It is well known that various factors can cause a dataset to become unstable and/or unusable if an interruption occurs during a data loading or modification process. The interruptions can include system failure, power loss and various other types of interruptions. In many cases, if a dataset was in the process of being loaded or modified during the interruption it is difficult to recover from that partial completion of the modification. In many cases, if an interruption occurred when a dataset was in the process of being modified, it is difficult to recover from that partial completion of the modification. Other problems arise when applications are running against a dataset that is being modified. Various other data integrity problems arise in this context and are well known.

SUMMARY OF THE INVENTION

One aspect of the invention relates to a system and method for quickly and efficiently recovering from an interruption that occurs when modifying and loading a dataset. End users typically access a published edition of a dataset. Various embodiments of the invention create one or more other editions of the dataset prior to performing a modification to any of the files. These editions may include one or more of a draft edition, an approved edition, and/or other editions. A draft edition may be an edition of a database or dataset, wherein a dataset may be its own database. The draft edition may be used for implementing desired changes and/or act as a preliminary version of a dataset (database). An approved edition may be implemented for storing changes that a user may want to keep safe before publishing the changes made in the draft edition. A published edition may be implemented to allow authorized users to view published data. Modifications are made to the draft edition, protecting the integrity of the published dataset editions and the approved dataset editions and/or other editions, if any exist.

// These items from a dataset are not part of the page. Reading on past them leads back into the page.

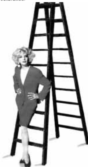
Marisa Paredes, 47 años, la madre de Tacones lejanos .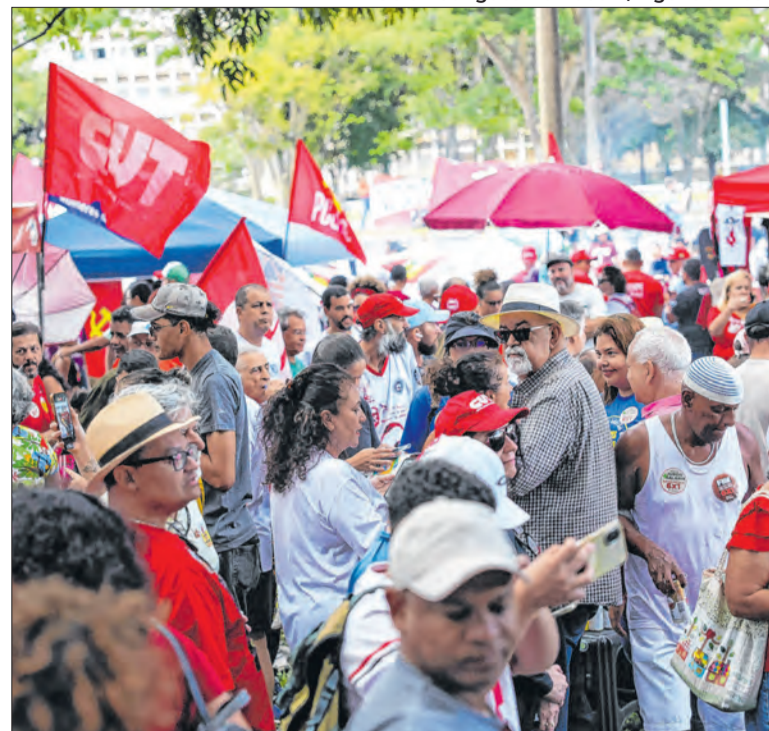
Manifestação em Brasília no Primeiro de Maio

“O STF, acuado, vai bancar?”, pergunta. Para ele, se derubar o projeto, a corte dará ao Congresso o discurso de necessidade de eleição de senadores capazes de decretar impeachment de ministros. Se não bancar, garante a ajuda a Bolsonaro e dá aos parlamentares o discurso de vitória sobre o STF.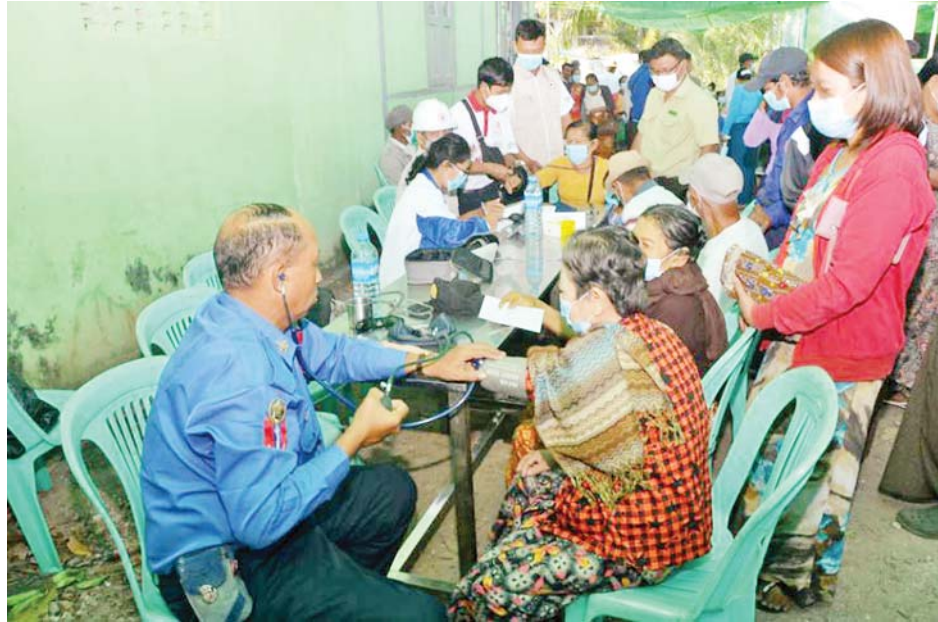
တပ်မတော်မြစ်တွင်းသွား ဆေးရုံရေယာဉ်(ရွှေပုဇွန်)နှင့် မြစ်ရေယာဉ်(စကု)တို့ဖြင့် တပ်မတော် နယ်လှည့်အထူးကုဆေးအဖွဲ့က ဖေဖော်ဝါရီ ၉ ရက်တွင် ဧရာဝတီတိုင်းဒေသကြီး မြစ်ကျွန်းပေါ်ကျေးရွာများမှ ဒေသခံပြည်သူများကို ကျန်းမာရေးစောင့်ရှောက်မှုလုပ်ငန်းများ ဆောင်ရွက်ပေးစဉ်။

လက်တွေ့ ပကတိဖြစ်စဉ်များနဲ့ ချိန်ထိုးပြီး တပ်မတော်ရဲ့ ဆောင်ရွက် ချက်တွေကိုကြည့်ရင် နိုင်ငံတည်ငြိမ် အေးချမ်းရေး၊ တိုင်းရင်းသားအားလုံး စည်းလုံးညီညွတ်ရေးနဲ့ လူမှုစီးပွား ဘဝဖွံ့ဖြိုးရေး ဒီသုံးချက်ကို သဟ ဇာတဖြစ်အောင် ချိန်ညှိဆောင်ရွက် နေတာ တွေ့ရပါတယ်။ ပြည်သူ့ အားကို အရယူပြီး စစ်ဘက်-အရပ် ဘက် ဆက်ဆံရေး ကောင်းသထက် ကောင်းအောင် ဆောင်ရွက်နေတယ် လို့ပဲ ယူဆမိပါတယ်။

According to further embodiments of the invention, other dataset (or database) editions may be created in addition to the published, draft, and approved editions. For example, a user may create multiple published editions. Alternatively, less dataset editions may be implemented. In still further embodiments, end users may be able to access draft and/or approved editions.

Modifications may be approved before publishing a dataset. An approved edition of the dataset may be created from a draft edition. If an interruption occurs after an approved edition of a dataset has been created, the user may be able to recover the modifications that have been approved.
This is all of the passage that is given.